WORK REQUIRED: Starting at the line containing "Top de flecos" and ending at the line containing "7. หางโจวสามสระสะท้อนดวงจันทร์ ระยะห่างระหว่างเสาหินทั้ง", print every line of the material below exactly, both ends included, and stop there.

GIVEN RECORDS:
——

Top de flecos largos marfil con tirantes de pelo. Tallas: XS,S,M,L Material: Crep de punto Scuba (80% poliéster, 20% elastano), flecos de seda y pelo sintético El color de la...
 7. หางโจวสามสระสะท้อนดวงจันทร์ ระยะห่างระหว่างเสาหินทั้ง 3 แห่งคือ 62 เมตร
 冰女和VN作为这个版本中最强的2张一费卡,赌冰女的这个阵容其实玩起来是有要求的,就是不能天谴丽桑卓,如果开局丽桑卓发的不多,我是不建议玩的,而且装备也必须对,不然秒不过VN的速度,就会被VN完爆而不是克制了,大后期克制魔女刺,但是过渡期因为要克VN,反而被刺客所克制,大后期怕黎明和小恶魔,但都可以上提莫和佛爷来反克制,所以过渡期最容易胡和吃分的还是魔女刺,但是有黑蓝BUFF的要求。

——

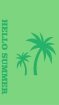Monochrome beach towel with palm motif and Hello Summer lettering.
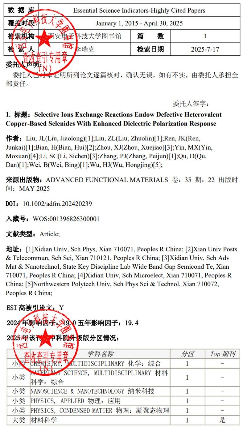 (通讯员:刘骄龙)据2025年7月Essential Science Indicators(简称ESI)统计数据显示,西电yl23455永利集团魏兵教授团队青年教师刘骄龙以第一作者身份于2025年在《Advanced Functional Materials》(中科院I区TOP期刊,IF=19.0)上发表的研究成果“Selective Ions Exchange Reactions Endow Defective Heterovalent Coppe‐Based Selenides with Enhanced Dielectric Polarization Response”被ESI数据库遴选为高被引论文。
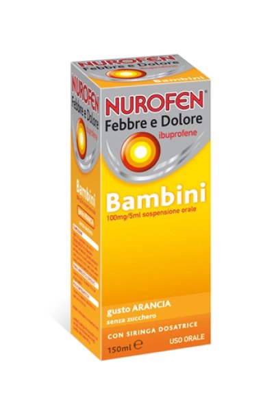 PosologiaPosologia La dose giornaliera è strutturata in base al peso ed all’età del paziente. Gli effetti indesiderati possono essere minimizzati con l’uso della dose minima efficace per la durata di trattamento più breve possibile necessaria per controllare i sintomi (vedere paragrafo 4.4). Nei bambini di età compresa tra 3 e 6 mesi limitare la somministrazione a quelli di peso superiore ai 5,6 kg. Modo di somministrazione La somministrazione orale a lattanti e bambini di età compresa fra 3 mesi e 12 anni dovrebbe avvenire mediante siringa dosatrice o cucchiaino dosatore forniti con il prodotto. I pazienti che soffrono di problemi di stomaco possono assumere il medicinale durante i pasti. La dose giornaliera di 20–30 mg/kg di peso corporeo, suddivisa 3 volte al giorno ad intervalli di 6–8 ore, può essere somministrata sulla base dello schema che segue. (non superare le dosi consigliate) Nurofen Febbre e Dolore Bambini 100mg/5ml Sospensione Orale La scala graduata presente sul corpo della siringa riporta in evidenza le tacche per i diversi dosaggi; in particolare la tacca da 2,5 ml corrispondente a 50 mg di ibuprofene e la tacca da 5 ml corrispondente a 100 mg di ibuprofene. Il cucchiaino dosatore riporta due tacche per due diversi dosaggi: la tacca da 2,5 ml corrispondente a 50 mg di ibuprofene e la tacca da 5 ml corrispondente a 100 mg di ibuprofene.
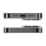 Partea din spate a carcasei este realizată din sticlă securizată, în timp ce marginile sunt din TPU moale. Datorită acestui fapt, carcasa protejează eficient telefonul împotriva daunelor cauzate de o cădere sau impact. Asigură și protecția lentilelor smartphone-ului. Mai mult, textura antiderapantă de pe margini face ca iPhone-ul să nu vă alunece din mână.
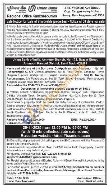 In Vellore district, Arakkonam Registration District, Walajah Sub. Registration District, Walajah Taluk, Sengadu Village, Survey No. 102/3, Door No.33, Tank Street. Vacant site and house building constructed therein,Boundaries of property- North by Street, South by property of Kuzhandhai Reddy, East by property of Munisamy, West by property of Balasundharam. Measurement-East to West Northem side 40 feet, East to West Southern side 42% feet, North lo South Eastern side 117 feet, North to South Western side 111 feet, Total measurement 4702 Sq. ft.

——

EXERCISE RESPONSE:
Top de flecos largos marfil con tirantes de pelo. Tallas: XS,S,M,L Material: Crep de punto Scuba (80% poliéster, 20% elastano), flecos de seda y pelo sintético El color de la...
 7. หางโจวสามสระสะท้อนดวงจันทร์ ระยะห่างระหว่างเสาหินทั้ง 3 แห่งคือ 62 เมตร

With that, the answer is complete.